The church said it has conducted prayers along the roadside for nearly 3 years, citing repeated displacement linked to the land dispute.

Reverend Mike Kenyi said the physical and financial burden of operating from a temporary roadside location had been heavy.

“Every day we have to lift this tent. It is heavy, and this is one of the burdens we are carrying. The church is on the road,” Kenyi said.

Kenyi added that the church believed parliament and the government had begun to recognize the hardship faced by worshippers, particularly following remarks by Speaker Nunu Kumba, who publicly stated she did not want additional burdens placed on citizens.

He further said discussions would involve legal representatives from both sides, with a focus on documentation, compensation, and possible restoration of the land.

“When the speaker called us, we made it clear that court processes are still underway and that everything must be documented,” he said. “We proposed that our lawyer sit with the government lawyer to discuss and come up with a list of items that need to be compensated,” he continued.

Church leaders said they were hopeful that the land issue could be resolved as early as January 2026, allowing the congregation to return to its original compound.

“We believe that in this coming January, we will be back in our previous compound,” Marual said, adding, “The government has remembered the suffering of the church and the believers.”

Despite the conciliatory tone, church officials emphasized that legal proceedings related to the land dispute have not been abandoned. Instead, they described dialogue as a parallel track to the courts.

“Wherever they call us, we will come and negotiate,” Bishop Ladu said. “But we have also said clearly that our lawyers must be involved, and everything must be documented,” he stressed.

The church did not publicly disclose the full legal history of the case or whether any court rulings had been issued in the past, but framed the dispute as one rooted in institutional misunderstanding rather than personal conflict.

In a notable departure from confrontational advocacy often seen in land disputes in South Sudan, Christ Church Nakasongola repeatedly stressed that it does not view the government as an adversary.

“We are not speaking against any person or even our government,” Bishop Ladu said, adding that, “The church and the government are one.”

The church said it had chosen restraint and dialogue over protest, even as it continues to operate under difficult conditions.

“Whatever has happened, it has happened,” Bishop Ladu said. “That is the work of the devil to destroy and to kill.
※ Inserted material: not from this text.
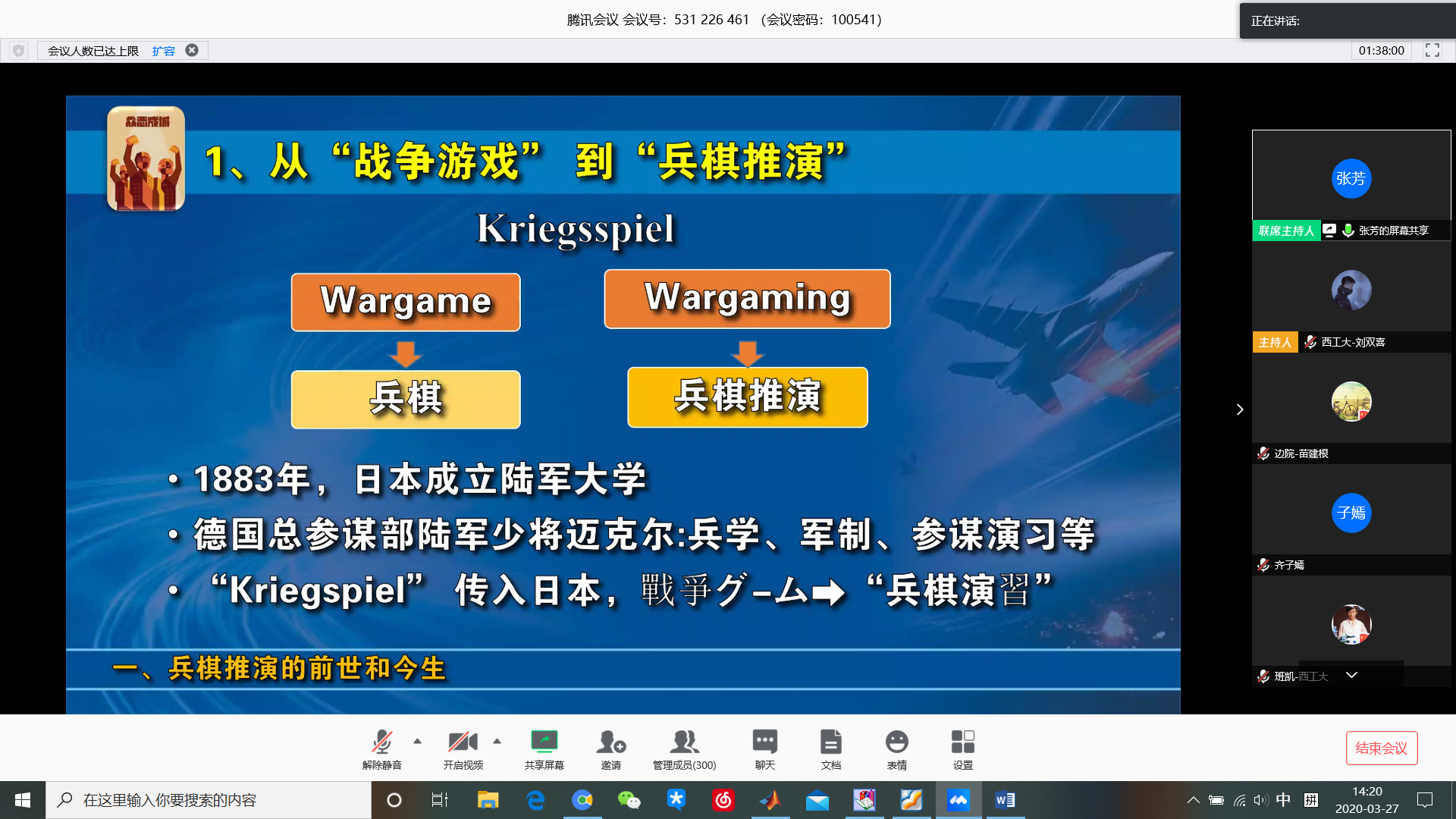 为深入贯彻落实国家国防教育办公室下发的《2020年全民国防教育工作安排》(国动教育﹝2020﹞1号)有关内容和要求,进一步提升陕西省兵棋推演比赛项目的科学化、整体化水平,助力我省国防教育工作广泛、深入、持久地开展,3月27日14:00,我校通过腾讯会议举办了西北工业大学2020年国防教育活动月主题报告会,火箭军工程大学张芳大校受邀作了题为《兵棋推演—让你了解未成形新技术潜力的有效工具》。本次报告吸引了150余名工大学子以及来自西安交通大学、西安理工大学、北京科技大学、北京化工大学、中北大学、边海防陆军学院、航天一院等军地院校共计300名师生齐聚云端。会议由pg游戏电子模拟器党委副书记王强主持。

But God sent Jesus to make peace.”

Church leaders used the press conference to call for broader respect for church property and religious institutions, arguing that the resolution of the Nakasongola dispute could set an important precedent.

“We are calling on the government to respect the property of the church,” Marual said. “God is above every government, and government follows God.”

Kenyi added that the church’s appeal had attracted international prayer support from believers in Africa, Europe, Israel, and the United States.

“We believe God is answering our prayers. We pray that our land will be restored so that God may continue to be worshipped in this nation,” Kenyi said.

The dispute highlights broader issues of land governance and institutional accountability in South Sudan, where overlapping claims between state institutions, communities, and religious bodies are common.

If resolved through dialogue and legal settlement, the Nakasongola case could serve as a test of the government’s commitment to addressing long-standing property disputes without escalation.

For the church, leaders said the outcome is about more than land.

“As we go into 2026, we want to go with new hearts. A heart that can restore what was taken and allow us to live together in peace,” Marual concluded.

In addition to addressing the land dispute, Christ Church Nakasongola also conveyed its condolences to the Eye Radio family and the wider media fraternity for the passing of journalist Emmanuel Akile on Tuesday, describing his death as a loss to the nation’s media community.